- [Exercise prompt]:
Among the records below, find the line that has "焼却施設の冷却水を利用したバ"; from there, give the lines again exactly, and stop after the line that has "Vanuit zowel de".

- [Listed records]:
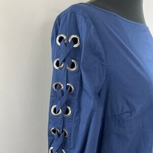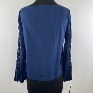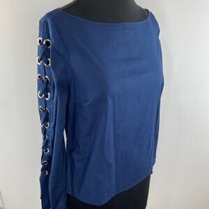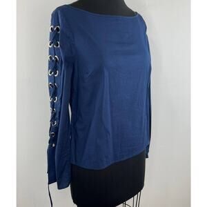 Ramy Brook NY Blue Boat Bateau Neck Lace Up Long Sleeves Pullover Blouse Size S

* * *

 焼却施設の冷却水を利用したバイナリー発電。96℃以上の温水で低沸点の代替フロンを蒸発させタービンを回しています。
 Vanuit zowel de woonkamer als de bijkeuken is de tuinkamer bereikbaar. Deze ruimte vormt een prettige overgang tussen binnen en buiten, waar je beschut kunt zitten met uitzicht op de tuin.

- [Reply to the exercise]:
 焼却施設の冷却水を利用したバイナリー発電。96℃以上の温水で低沸点の代替フロンを蒸発させタービンを回しています。
 Vanuit zowel de woonkamer als de bijkeuken is de tuinkamer bereikbaar. Deze ruimte vormt een prettige overgang tussen binnen en buiten, waar je beschut kunt zitten met uitzicht op de tuin.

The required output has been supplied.